Question

What is the answer to 5+5|2b+2|=25

Answer 1

The absolute value is defined as two cases, if we substitute what we have in this example

`\begin{gathered} |2b+2|\text{ = }2b+2\text{ if 2b+2}\ge0, \\ |2b+2|=-(2b+2)\text{ if 2b+2<0.} \end{gathered}`

Then, if we substitute this equations

`\begin{gathered} 5+5(2b+2)\text{ = 25, and 2b+2}\ge0 \\ 5+5(-(2b+2))\text{ = 25, 2b<0.} \end{gathered}`

The first part becomes in

`\begin{gathered} 5+10b+10=25,\text{ and 2b}\ge-2, \\ 10b=10,\text{ and b}\ge-1, \\ b=1,\text{ and b}\ge-1. \end{gathered}`

Then, one solution is b=1 since both conditions are fulfilled.

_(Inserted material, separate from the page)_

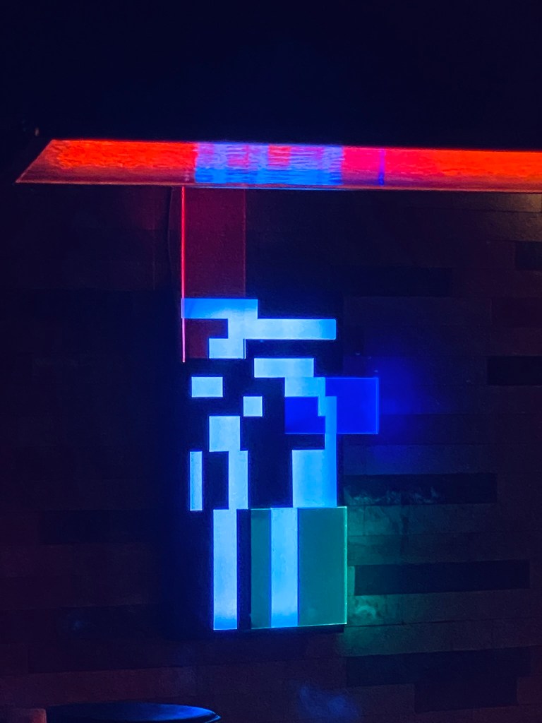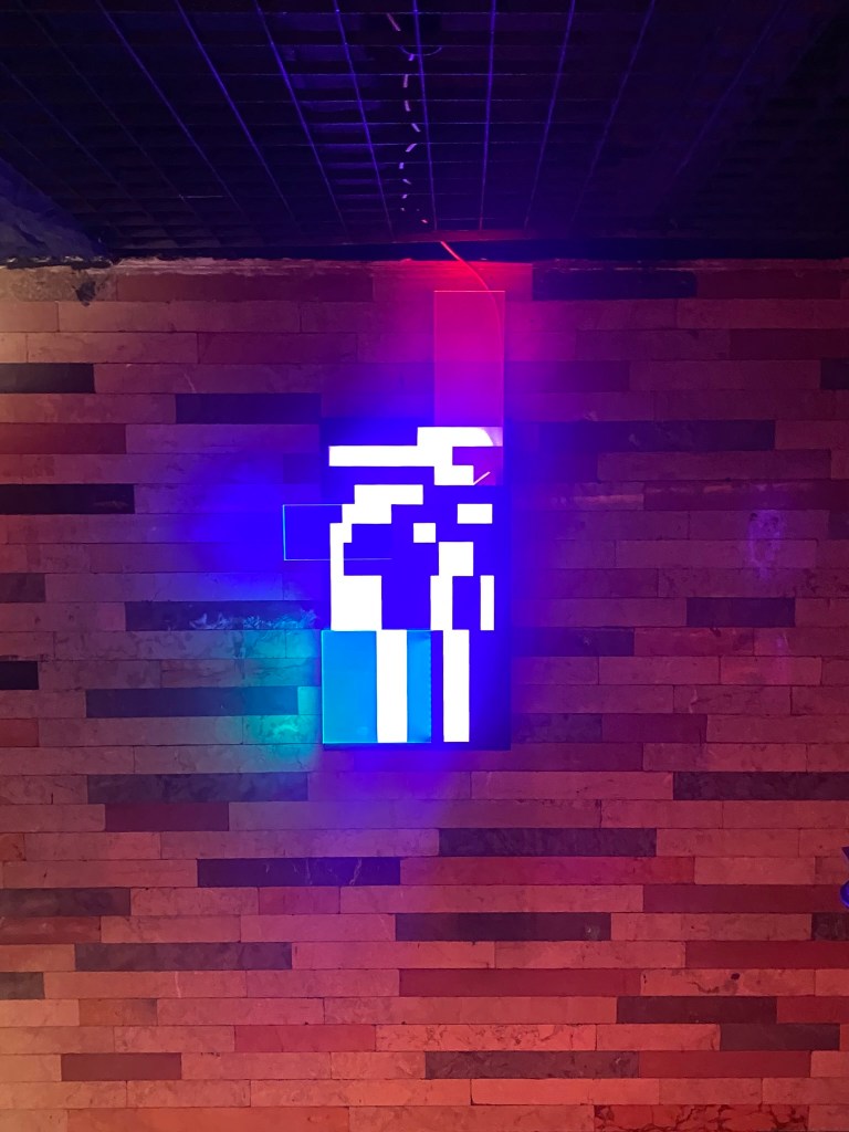 Pixel Glitch presents a moment of digital rupture translated into physical space. A fragmented form emerges unexpectedly, distorted in geometry and animated by seemingly random color variations. Set against a rhythmic, tiled background, the work disrupts visual order and introduces a sense of instability and motion within the dark, immersive atmosphere of a nightclub.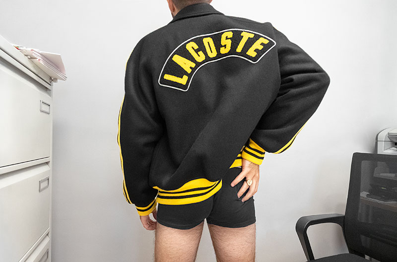 Foto Arriba: Carlos Giménez lleva chaqueta de Lacoste + Camisa de YSL Vintage + Sandalias y calcetines de Camperlab.

From the second part we have

`\begin{gathered} 5+5(-2b-2)=25,\text{ and 2b+2<0} \\ 5-10b-10=25,\text{ and 2b<-2} \\ -10b=30,\text{ and b<}-1 \\ b=-3,\text{ and b<-1} \end{gathered}`

Thus, the other soultion is b=-3 since it satisfies both conditions.